__Work instructions__.
The reply must consist of the lines from the first line of the records through the line containing "交(直)流電壓≤500V時(shí)直接", copied exactly, with every picture omitted.

|---|

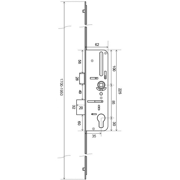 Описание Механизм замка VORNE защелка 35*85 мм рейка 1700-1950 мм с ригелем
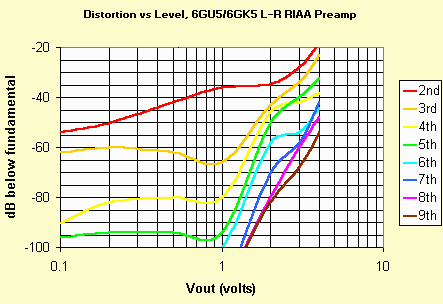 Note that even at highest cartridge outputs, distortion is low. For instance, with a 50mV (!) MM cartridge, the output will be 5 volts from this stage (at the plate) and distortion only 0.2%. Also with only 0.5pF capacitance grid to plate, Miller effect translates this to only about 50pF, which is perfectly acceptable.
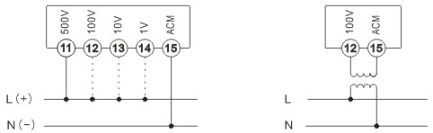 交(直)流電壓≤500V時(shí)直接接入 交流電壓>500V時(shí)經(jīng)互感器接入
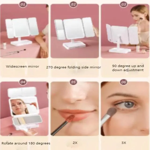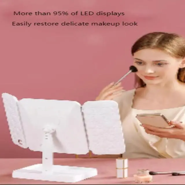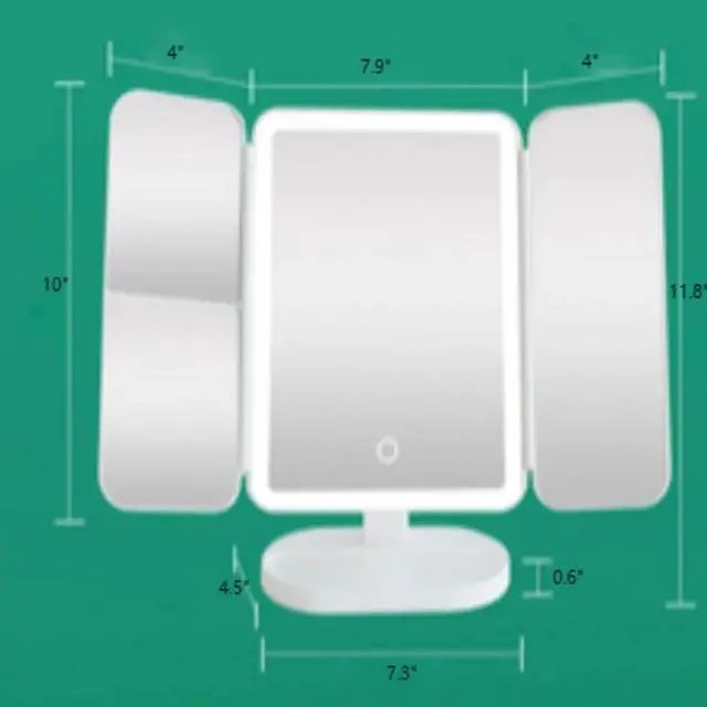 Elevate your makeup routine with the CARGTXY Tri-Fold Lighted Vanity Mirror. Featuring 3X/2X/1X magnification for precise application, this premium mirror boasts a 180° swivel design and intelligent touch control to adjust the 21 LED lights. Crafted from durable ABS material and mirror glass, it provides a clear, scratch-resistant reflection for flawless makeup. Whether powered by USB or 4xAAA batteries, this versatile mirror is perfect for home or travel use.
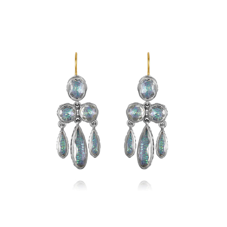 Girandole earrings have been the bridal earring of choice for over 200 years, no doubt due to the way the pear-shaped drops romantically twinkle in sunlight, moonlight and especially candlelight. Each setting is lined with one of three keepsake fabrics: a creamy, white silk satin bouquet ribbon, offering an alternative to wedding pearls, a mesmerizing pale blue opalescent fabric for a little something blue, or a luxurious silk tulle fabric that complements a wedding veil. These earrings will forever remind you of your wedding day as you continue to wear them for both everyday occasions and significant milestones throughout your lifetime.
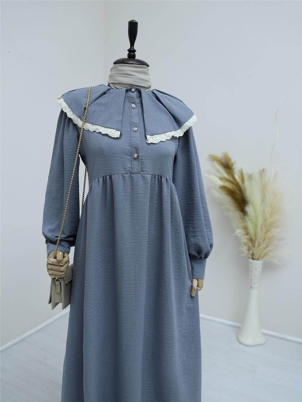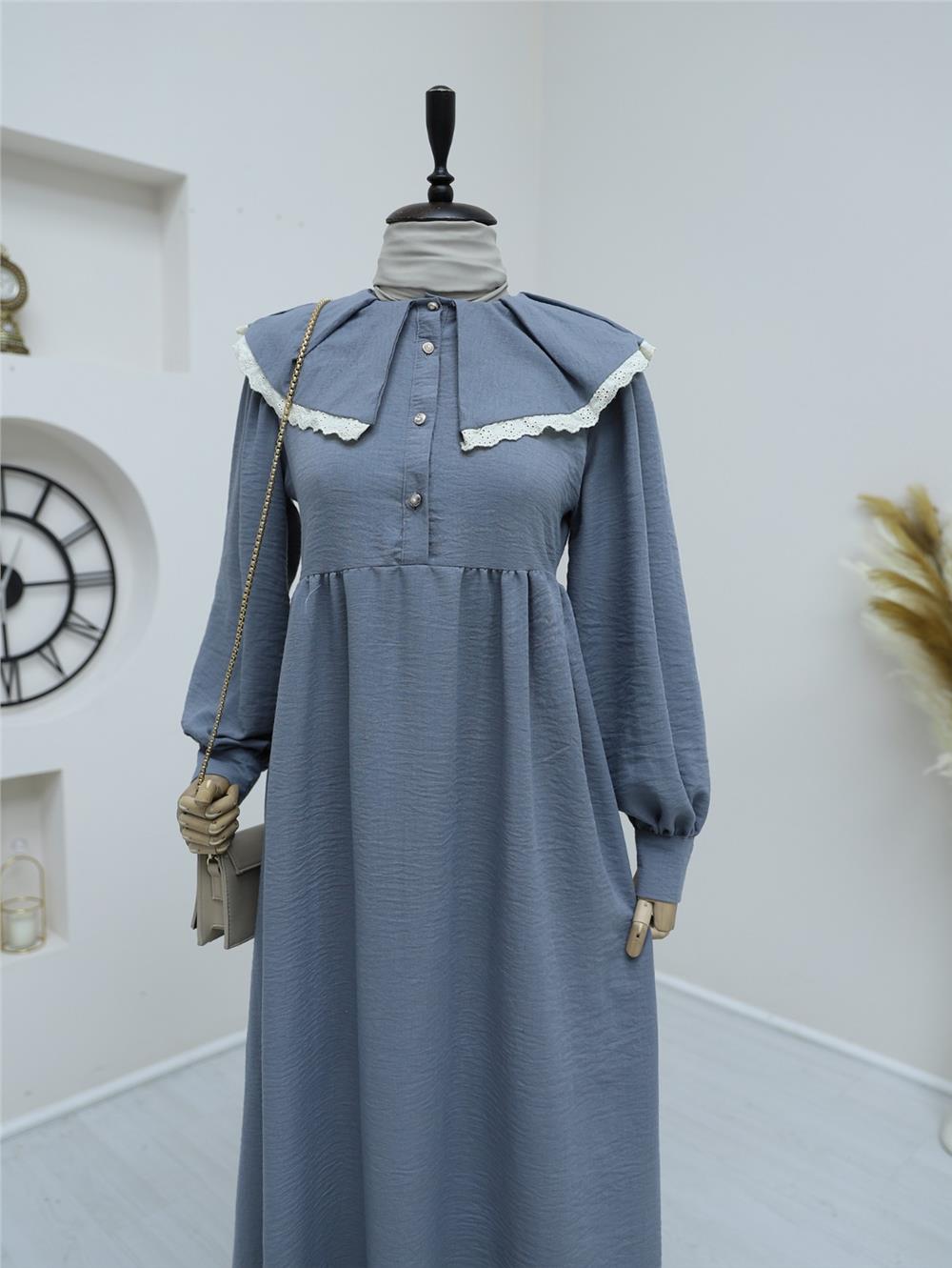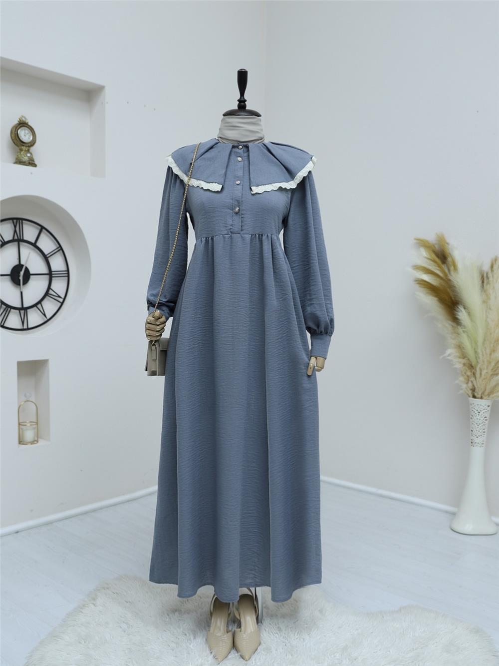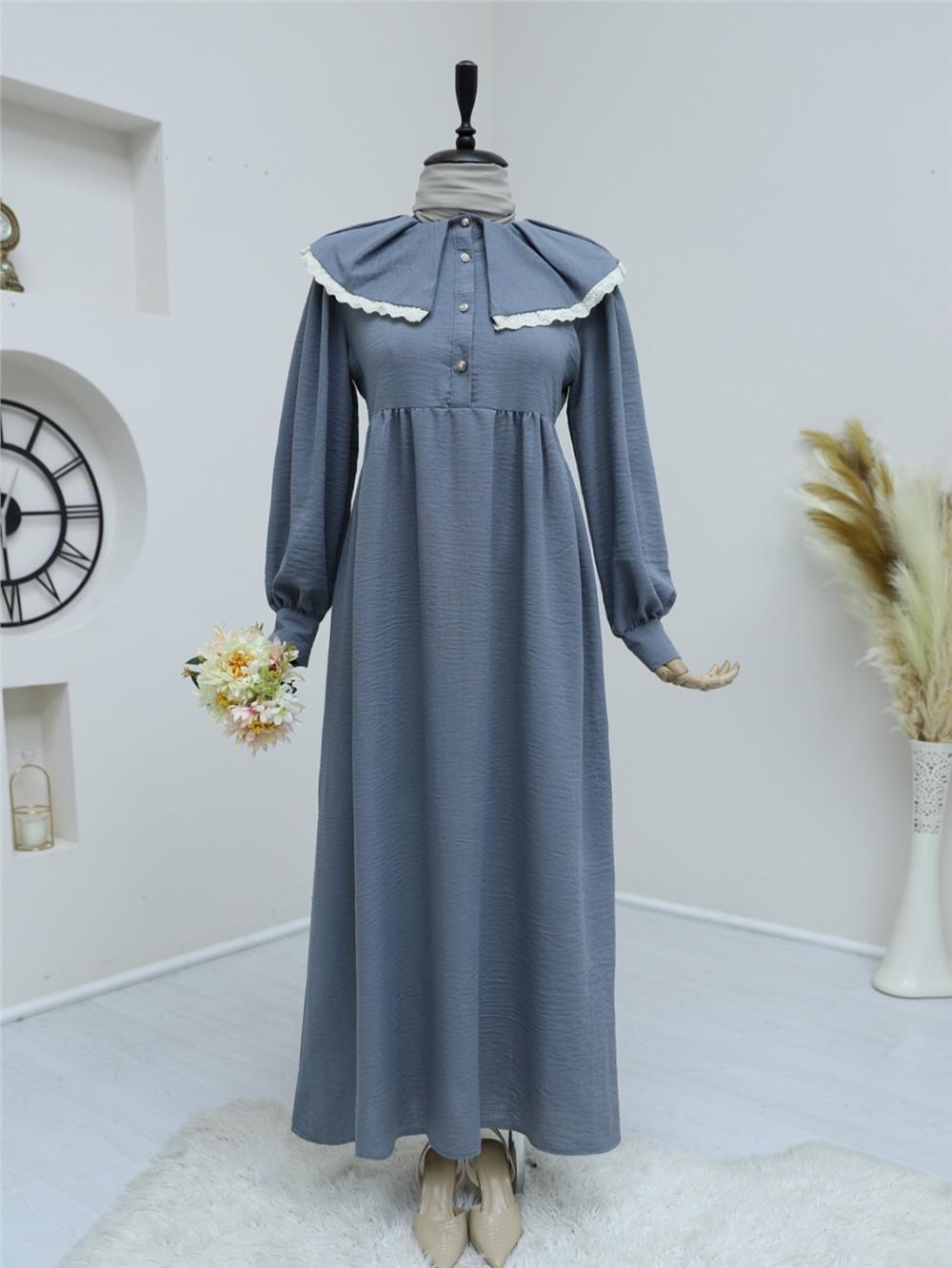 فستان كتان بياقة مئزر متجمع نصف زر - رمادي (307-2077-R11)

|---|

__Problem solution__.
 Описание Механизм замка VORNE защелка 35*85 мм рейка 1700-1950 мм с ригелем
 Note that even at highest cartridge outputs, distortion is low. For instance, with a 50mV (!) MM cartridge, the output will be 5 volts from this stage (at the plate) and distortion only 0.2%. Also with only 0.5pF capacitance grid to plate, Miller effect translates this to only about 50pF, which is perfectly acceptable.
 交(直)流電壓≤500V時(shí)直接接入 交流電壓>500V時(shí)經(jīng)互感器接入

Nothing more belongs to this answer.